Sorry for the late bikeshedding, but "dumping" suddently strikes me as 
odd, since there is no output as with other dumping in the compiler. 
Can we change that to "generation" or "building"?

> +	      /* Reuse DIE even with a differing context.
> +
> +		 This happens when called through
> +		 dwarf2out_abstract_function for formal parameter
> +		 packs.  */
> +	      gcc_assert (parm_die->die_parent->die_tag
> +			  == DW_TAG_GNU_formal_parameter_pack);

Does this mean we're generating a new DW_TAG_GNU_formal_parameter_pack 
in late debug even though we already generated one in early debug?  If 
so, why?

> -  /* It is possible to have both DECL_ABSTRACT_P and DECLARATION be true if we
> -     started to generate the abstract instance of an inline, decided to output
> -     its containing class, and proceeded to emit the declaration of the inline
> -     from the member list for the class.  If so, DECLARATION takes priority;
> -     we'll get back to the abstract instance when done with the class.  */
> -
> -  /* The class-scope declaration DIE must be the primary DIE.  */
> -  if (origin && declaration && class_or_namespace_scope_p (context_die))
> -    {
> -      origin = NULL;
> -      gcc_assert (!old_die);
> -    }

Can't this happen anymore?

> +      if ((is_cu_die (old_die->die_parent)
> +	   /* FIXME: Jason doesn't like this condition, but it fixes
> +	      the inconsistency/ICE with the following Fortran test:
> +
> +		 module some_m
> +		 contains
> +		    logical function funky (FLAG)
> +		      funky = .true.
> +		   end function
> +		 end module
> +
> +	      Another alternative is !is_cu_die (context_die).
> +	   */
> +	   || old_die->die_parent->die_tag == DW_TAG_module

I like it now.  :)
You can leave the rest of the comment.

> +  /* For non DECL_EXTERNALs, if range information is available, fill
> +     the DIE with it.  */
>    else if (!DECL_EXTERNAL (decl))
>      {
>        HOST_WIDE_INT cfa_fb_offset;
> +
>        struct function *fun = DECL_STRUCT_FUNCTION (decl);
>
> -      if (!old_die || !get_AT (old_die, DW_AT_inline))
> -	equate_decl_number_to_die (decl, subr_die);
> +      /* If we have no fun->fde, we have no range information.
> +	 Skip over and fill in range information in the second
> +	 dwarf pass.  */
> +      if (!fun->fde)
> +	goto no_fde_continue;

How about controlling this block with !early_dwarf so you don't need to 
deal with missing FDE?

>  	  if (generic_decl_parm
>  	      && lang_hooks.function_parameter_pack_p (generic_decl_parm))
> -	    gen_formal_parameter_pack_die (generic_decl_parm,
> -					   parm, subr_die,
> -					   &parm);
> +	    {
> +	      if (early_dwarf_dumping)
> +		gen_formal_parameter_pack_die (generic_decl_parm,
> +					       parm, subr_die,
> +					       &parm);
> +	      else if (parm)
> +		parm = DECL_CHAIN (parm);
> +	    }

Let's try only setting generic_decl when early_dwarf.

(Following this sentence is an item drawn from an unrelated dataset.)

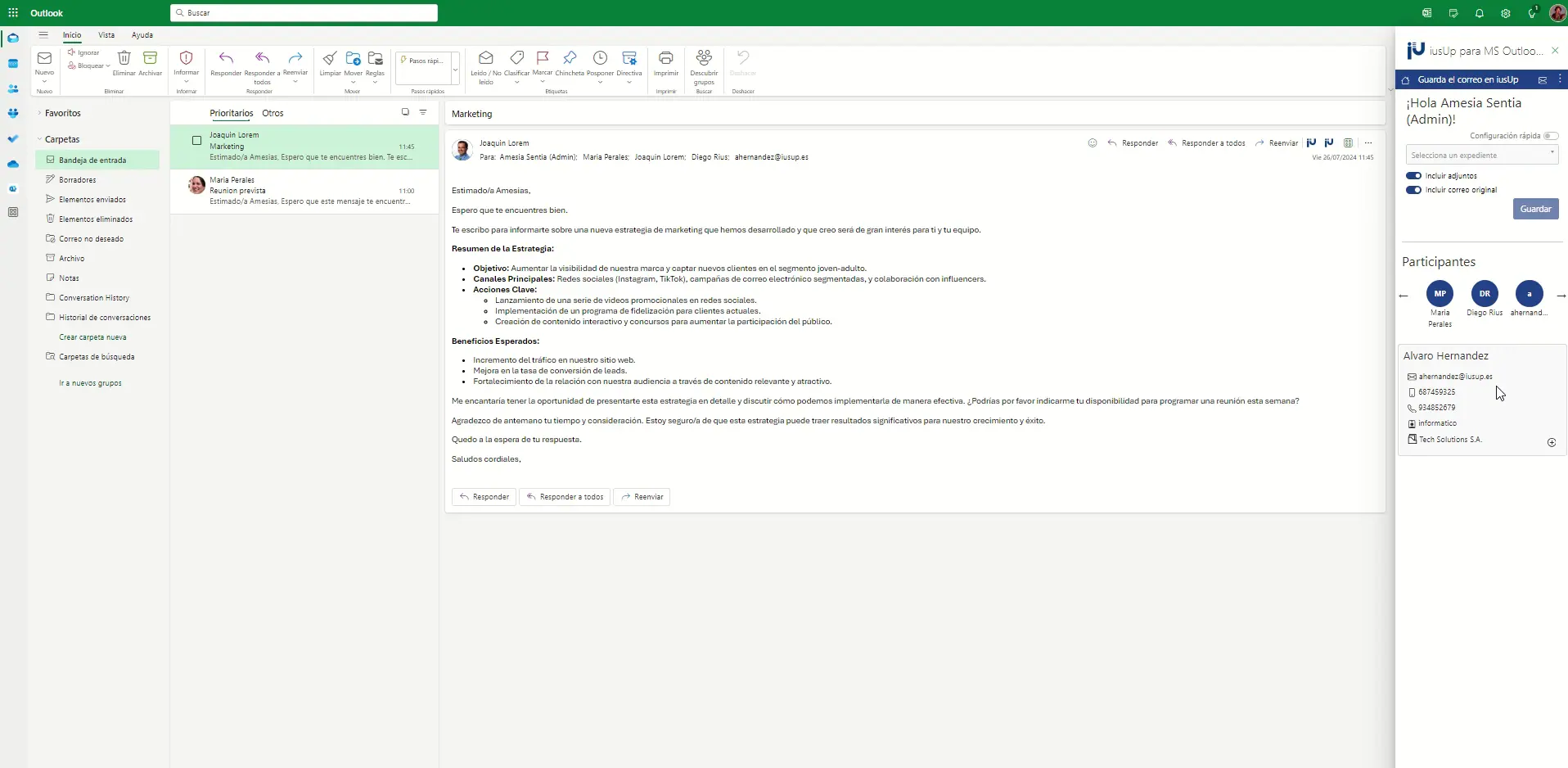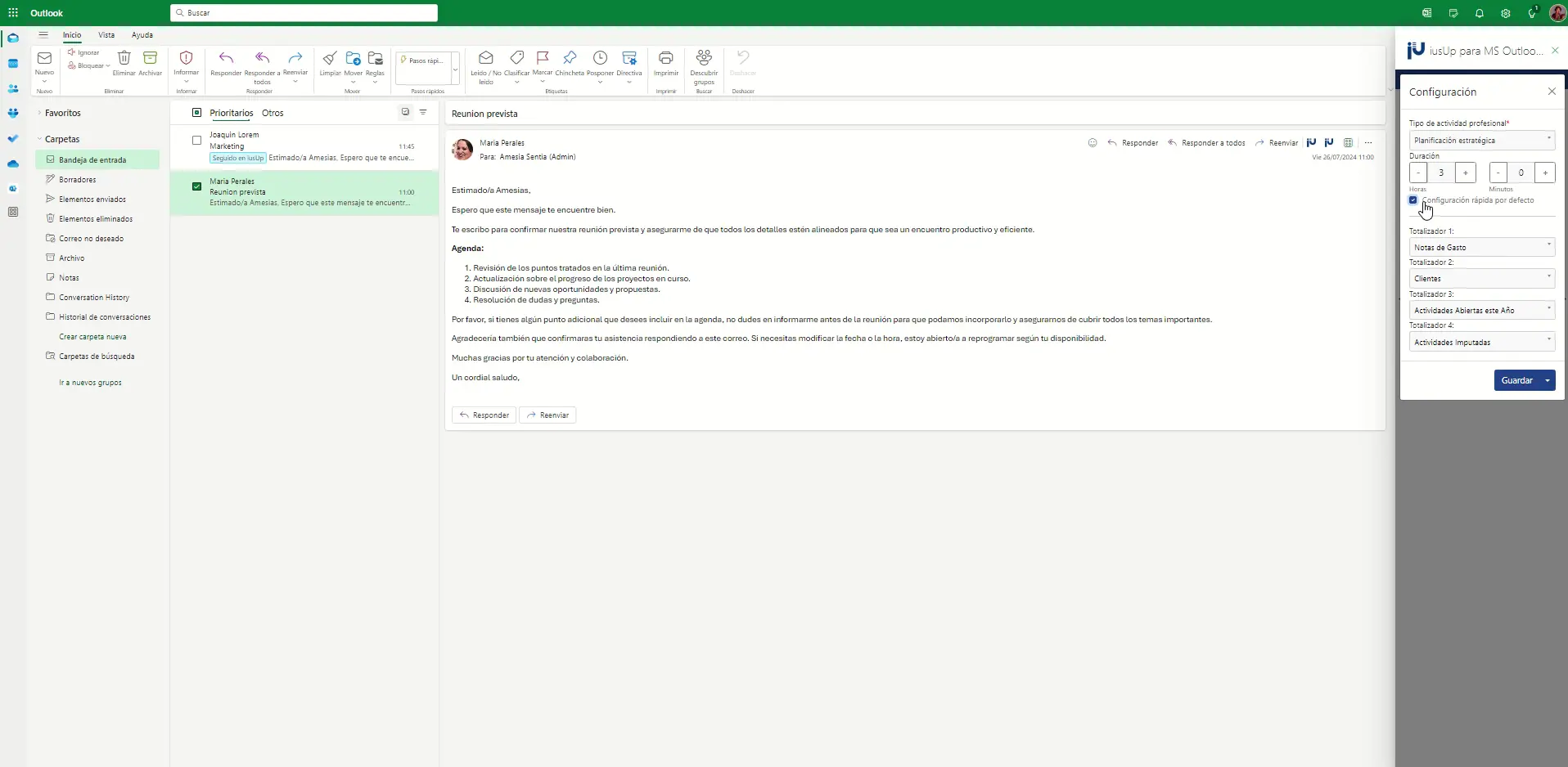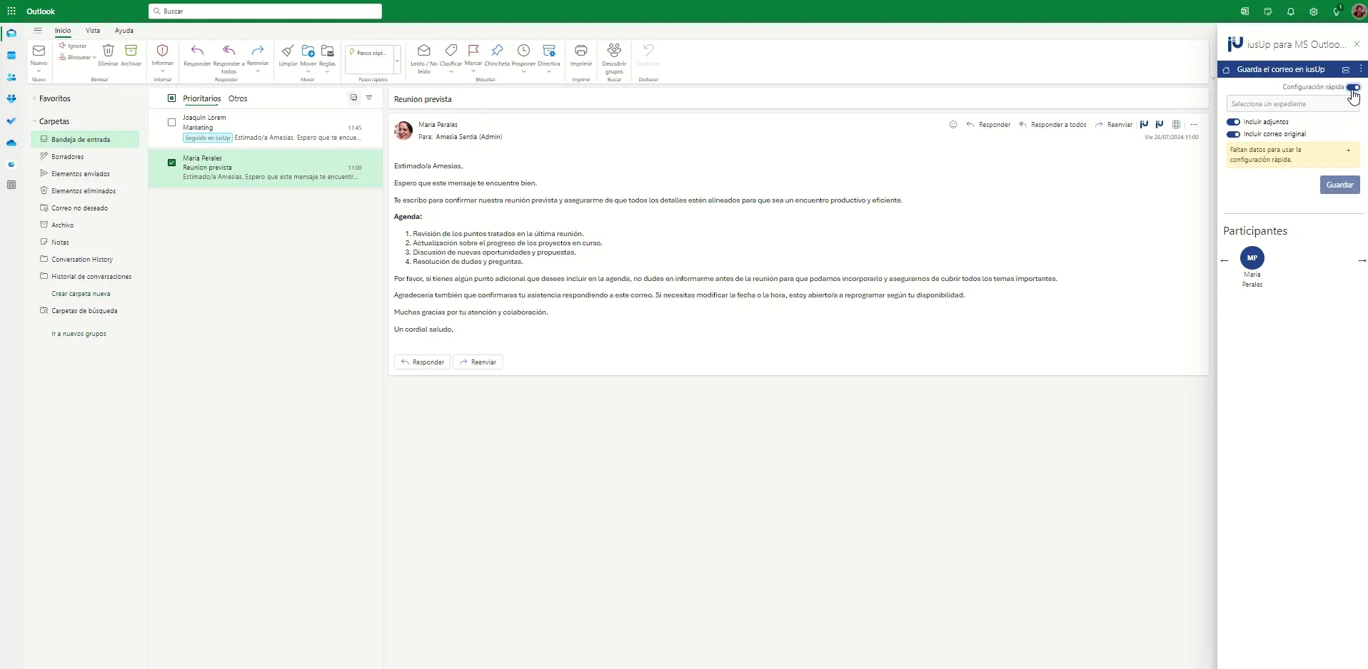 - Consigue una mayor precisión. Con este sistema se reduce la posibilidad de errores que implican las acciones manuales. Con esta funcionalidad del complemento para Outlook que incluye iusUp, la información se transferirá con la máxima precisión.

> +  /* Unless we have an existing non-declaration DIE, equate the new
> +     DIE.  */
> +  if (!old_die || is_declaration_die (old_die))
> +    equate_decl_number_to_die (decl, subr_die);
...
> +  if (decl && (DECL_ABSTRACT_P (decl) || declaration || old_die == NULL
> +	       /* If we make it to a specialization, we have already
> +		  handled the declaration by virtue of early dwarf.
> +		  If so, make a new assocation if available, so late
> +		  dwarf can find it.  */
> +	       || (specialization_p && early_dwarf_dumping)))
>      equate_decl_number_to_die (decl, var_die);

Why are the conditions so different?  Can we use the function condition 
for variables, too?

> +	  /* Do nothing.  This must have been early dumped and it
> +	     won't even need location information since it's a
> +	     DW_AT_inline function.  */
> +	  for (dw_die_ref c = context_die; c; c = c->die_parent)
> +	    if (c->die_tag == DW_TAG_inlined_subroutine
> +		|| c->die_tag == DW_TAG_subprogram)
> +	      {
> +		gcc_assert (get_AT (c, DW_AT_inline));
> +		break;
> +	      }

Maybe wrap this in #ifdef ENABLE_CHECKING.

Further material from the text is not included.